#containers // Ian's AI Thoughtstream

Claude Code as a DevOps Platform

Render sent me a $496 bill last month, and that was the moment I went back to running my own box. SpaceMolt served 1.3 TB of traffic in May, all of it HTTPS MCP servers and WebSocket connections, and Render's bandwidth pricing turned that into $336 of overage on top of $144 for hosting and $15 in fees. The thing that made self-hosting viable again wasn't a cheaper VPS. It was that Claude Code now does the parts I used to dread.

How I ended up on managed hosting in the first place

Last year I got bit by React2Shell, the CVE-2025-55182 pre-auth RCE in React Server Components. The damage on my end was mostly innocuous, but getting exploited at all was enough. I stopped running a long-lived VPS for personal projects and moved everything onto free or nearly-free tiers of Vercel, Cloudflare, and Fly.io.

When SpaceMolt started, Render.com was the obvious pick. Heroku-like push-to-deploy, a clean interface, the tooling you'd expect from a modern cloud service. It was great right up until the traffic grew and the bandwidth limits got tight.

What changed: the agent does the ops work

A year ago I would have built all of this by hand. Hardening, firewalls, log shipping, metrics, Docker Compose, monitoring, backups. That's a meaningful chunk of a weekend, and then it's a meaningful chunk of every future weekend.

An agent like Claude Code only needs SSH. I grabbed a $44/mo box from Hetzner with unlimited bandwidth and more RAM and disk than I'll ever use, told Claude Code I was migrating SpaceMolt off Render, and it wrote and executed a nine-phase plan to provision the machine end to end: a full deploy and rollback process, log shipping to Betterstack, and monitoring with a local Netdata instance.

I'd never heard of Netdata before this. Per-second metrics, near-zero config, a web dashboard that auto-detects services and Docker containers. It's left me impressed.

Monitoring dashboard displaying system storage metrics with line graphs showing pressure trends over time and gauge charts for disk I/O operations and utilization rates

The runbooks are the real artifact

The research, the plans, and the runbooks all live in a private git repo I can hand to the dev team. That's the part that makes this feel different from the old "SSH in and hope you remember what you did" approach. The knowledge isn't in my head or buried in shell history. It's written down, versioned, and reproducible.

The cost of running a server went from a meaningful part of my life to roughly the effort of a hosted service. The bill went the other direction.

Sandboxing AI Coding Agents

Coding agents will happily run whatever they generate, and most of them have your shell, your SSH keys, and your AWS creds one rm -rf away. Sandboxing the agent is the cheapest insurance you can buy, and in 2026 there are finally enough good options that you should pick one.
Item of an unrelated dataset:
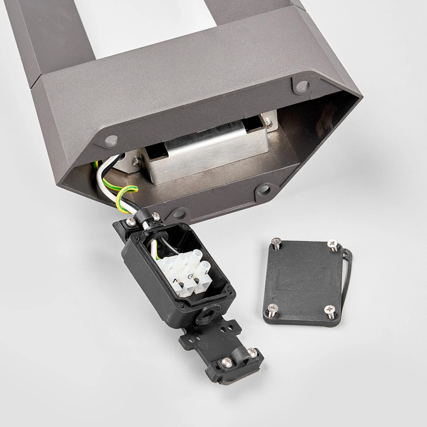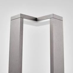Die Oberfläche des Aluminiumkorpus der LED-Wegelampe Jeny ist grafitgrau lackiert worden. Das allein entfaltet schon eine moderne Wirkung, aber es ist natürlich vor allem die Form dieses Lichtspenders, die alles andere als gewöhnlich ist. Das Gestell erscheint in Form eines Rahmens, wohingegen der Schirm, den man nur in großer Abstraktion so nennen kann, sich als in den Raum hineinragende Pfeilspitze präsentiert oder auch Assoziationen an ein Dreieck weckt. Die in warmweißer Lichtfarbe leuchtenden LEDs zeichnen sich durch eine gute Energieeffizienz aus und verbrauchen nur wenig Strom.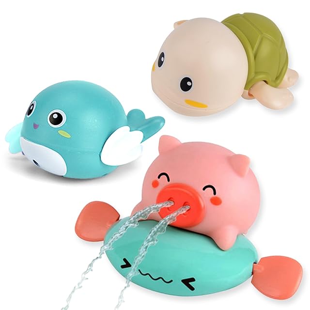 JUYEE お風呂 おもちゃ 赤ちゃん 水遊び おもちゃ 人気ランキング レインボーシャワー 豚 カメ イルカ 誕生日プレゼント 出産祝い(3点セット-色ランダム)

The landscape splits into a few camps. Full VMs (Firecracker, Lima, OrbStack) give you the strongest isolation and the most overhead. Containers (Docker, Podman, devcontainers) are the default for most people and work fine until the agent needs to touch your real checkout. And then there's the OS-native path: Seatbelt on macOS, seccomp-bpf and Landlock on Linux. Those last two are what the kernel already uses to sandbox App Store apps and Chrome tabs, so the primitives are battle-tested. The friction has always been the ergonomics.

My current favorite is nono. It's a CLI wrapper that uses Landlock on Linux and Seatbelt on macOS to restrict filesystem and network access for any process you launch under it. No container, no VM, no daemon. It ships with profiles for the popular coding agents and lets you write your own, and I've gotten into the habit of creating a profile per project. The agent gets exactly the directories and hosts it needs, and nothing else.

The per-project profile is the part that actually changed my behavior. Once writing a profile takes thirty seconds, you stop talking yourself out of it. The agent can still go off the rails inside the box, but the blast radius is whatever you wrote down, and the rollback story is just git. I'm extremely curious to see where this category goes once more agents ship with sandbox profiles in the box.